Here, Tara Isabella Burton and Tim Shriver call for a new spiritual realism to overcome the paralysing loneliness of the age. Tracing the landscape of liberalism’s decline, the authors describe the ‘long arc of Enlightenment thinking’ that has left us starved of meaning, purpose and belonging. Further, they envisage ‘a culture of us’ and advocate the creation of new institutions of shared flourishing supported by relational and contemplative practices. This is a postliberal manifesto, in which the authors, one Catholic and one Episcopalian, call those in power to prioritise the common good and common life over private interest, and reknit the fabric of social institutions so that all may live well in justice, truth, and peace. T4CG is pleased to have permission to share the opening paragraphs of this article while it is new – you can click through to The Plough website to read the full 7500 words. In a few weeks we will publish the whole piece here too.

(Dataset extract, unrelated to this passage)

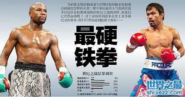 而菲律宾拳手帕奎奥被称为继成吉思汗后征服西方最伟大的东方斗士。不到20岁就赢得WBC次最轻量级世界拳王头衔,22岁获得羽量级拳王金腰带,26岁获得超羽量级冠军,是迄今唯一8个量级的金腰带获得者。由于两人都到了退役的年龄,因此外界都希望两大拳王能在退出拳坛前来次对决,看看谁是真正的拳王。

Spiritual Realism in a Divided Country

The past few years have made evident a deeply discomfiting truth about contemporary American life: we may be a country, but we are struggling to be a people.

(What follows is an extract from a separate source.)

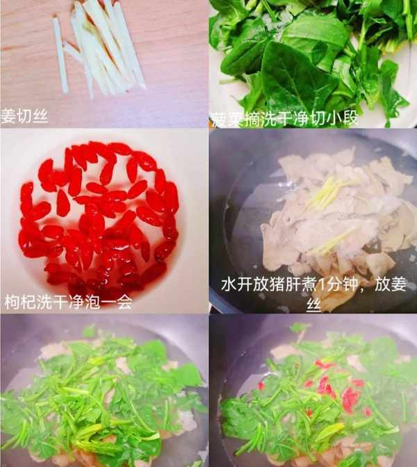 食材:豬肝300克,菠菜3棵,薑1小塊,枸杞子1小把,鹽2小勺,料酒1勺,淀粉1小勺,白胡椒粉1小勺,香油1勺,清水適量;

We are deeply, even catastrophically, polarized: fractured along lines of racial and religious identity, along lines geographic, economic, and ideological. We seem to have little in common except our shared sense of alienation.

The events of the past several years – the toll of the coronavirus pandemic; the protests for racial justice following the murder of George Floyd, some of which were marred by violence; the January 6 riots at the Capitol, and the political and cultural chaos since – have all revealed the intensity of the fractures and fault lines within our society.

What Covid did physically, this alienation has done politically: we have isolated from each other, withdrawn. What seems safe to us is to be out only for ourselves, or our own faction or tribe at the most…

To continue reading, click here for the rest of the essay at The Plough website. T4CG has permission to share the opening paragraphs while the article is new. However, we will be able to publish the whole article in a few weeks’ time.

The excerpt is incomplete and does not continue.